=== The data ===
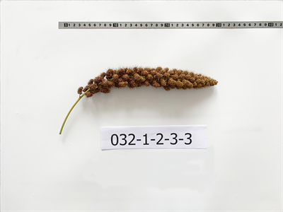 特征特性:陇谷032,生育期135天左右,株型平展,茎杆粗壮无分蘖,幼苗绿色,成株色绿色,纺锤型穗,穗码密度疏到中,长刚毛,刚毛紫色,黄谷白米,米质粳性。平均株高150.00cm,茎粗1.05cm,主茎可见节数13节,穗长32.00cm,穗粗3.92cm,单株穗重20.79g,单穗粒重15.79g,千粒重3.40g,单株草重15.65g,出谷率75.95%。粗蛋白(干基)含量11.30%、粗脂肪(干基)含量3.20%、粗淀粉(干基)含量81.61%、赖氨酸(干基)含量0.17%、支链淀粉(占淀粉)70.7%。田间自然感病调查,抗谷锈病;抗白发病;中抗谷瘟病;田间接种鉴定,对黑穗病表现为抗病。2017年在全国第十二届优质食用粟评选中被评为“二级优质米”。
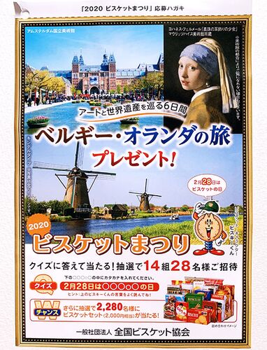 2020年ビスケットまつりキャンペーンアートと世界遺産を巡る6日間ベルギー・オランダの旅プレゼント! 賞品 アートと世界遺産を巡る6日間ベルギー・オランダの旅/14組28名 <Wチャンス>ビスケットセット2,000円相当/2,280名 応募方法 ネットで応募、ハ…
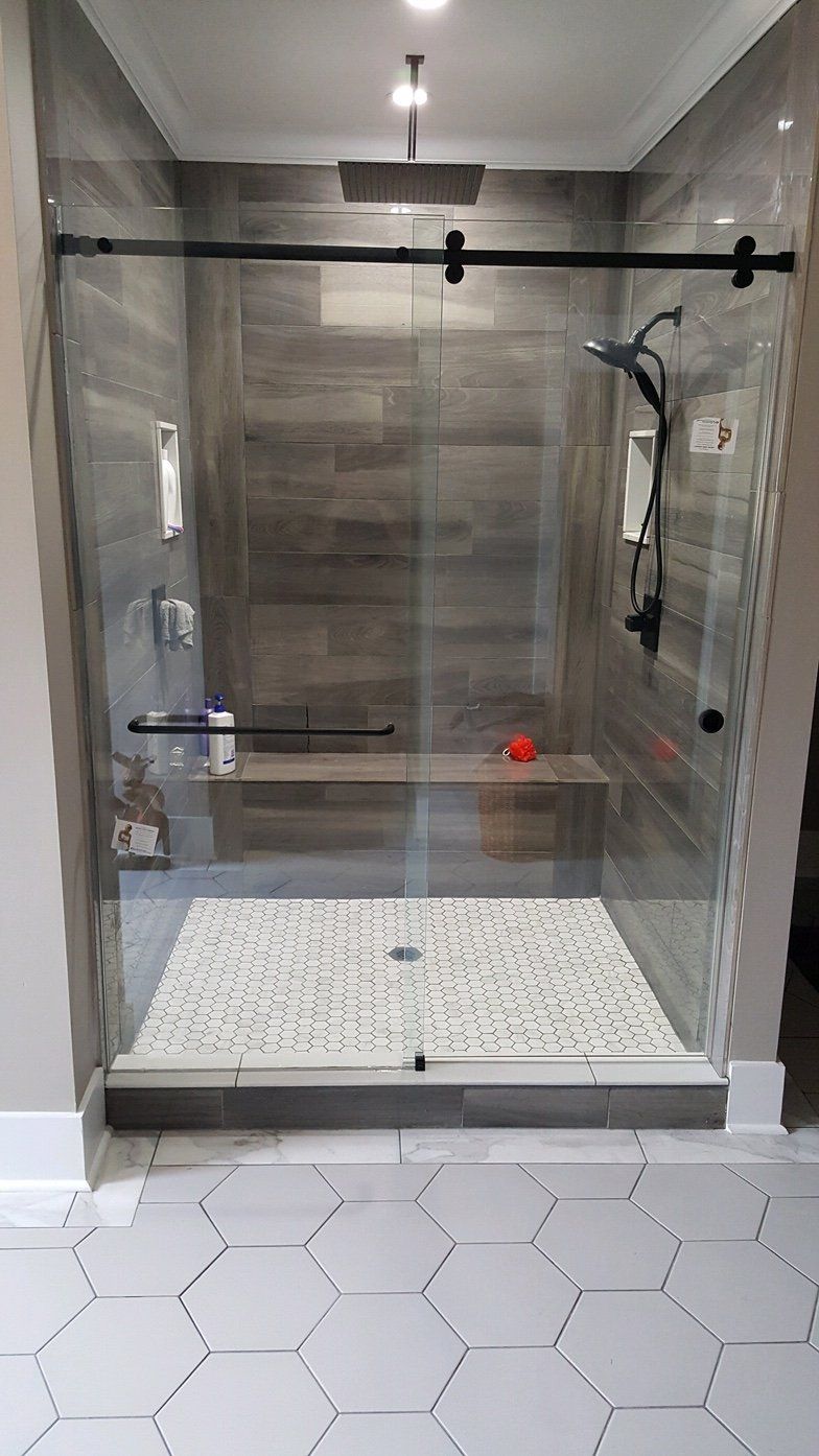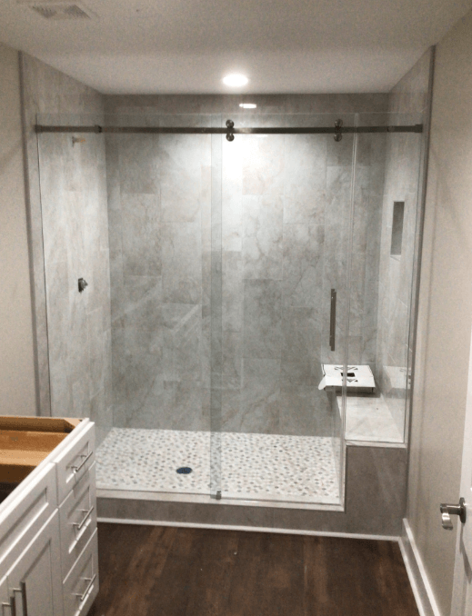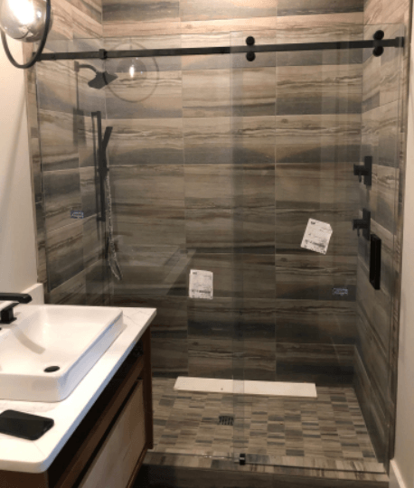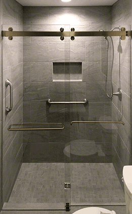 The Serenity Sliding Enclosure (also known as a “barn door slider”) is constructed of 3/8” Glass and includes one sliding door with a fixed inline panel. A ninety-degree configuration is also available. The Serenity enclosure has an updated look from traditional sliding shower door systems. The use of minimal hardware provides a nearly frameless look that gives the enclosure an almost floating appearance. Specially designed roller bearings allow for easy opening and closing of the door. The unique roller system operates above and below the header bar that spans across the top of the enclosure. A flush pull handle or ladder pull handle is available.
===
### Assignment
Output, exactly as written, only the lines from the beginning of the listing through the line containing "<Wチャンス>ビスケットセット2,000円相当/2,280名 応募方法 ネットで応募、ハ…", both included, and no pictures.

### Solution
 特征特性:陇谷032,生育期135天左右,株型平展,茎杆粗壮无分蘖,幼苗绿色,成株色绿色,纺锤型穗,穗码密度疏到中,长刚毛,刚毛紫色,黄谷白米,米质粳性。平均株高150.00cm,茎粗1.05cm,主茎可见节数13节,穗长32.00cm,穗粗3.92cm,单株穗重20.79g,单穗粒重15.79g,千粒重3.40g,单株草重15.65g,出谷率75.95%。粗蛋白(干基)含量11.30%、粗脂肪(干基)含量3.20%、粗淀粉(干基)含量81.61%、赖氨酸(干基)含量0.17%、支链淀粉(占淀粉)70.7%。田间自然感病调查,抗谷锈病;抗白发病;中抗谷瘟病;田间接种鉴定,对黑穗病表现为抗病。2017年在全国第十二届优质食用粟评选中被评为“二级优质米”。
 2020年ビスケットまつりキャンペーンアートと世界遺産を巡る6日間ベルギー・オランダの旅プレゼント! 賞品 アートと世界遺産を巡る6日間ベルギー・オランダの旅/14組28名 <Wチャンス>ビスケットセット2,000円相当/2,280名 応募方法 ネットで応募、ハ…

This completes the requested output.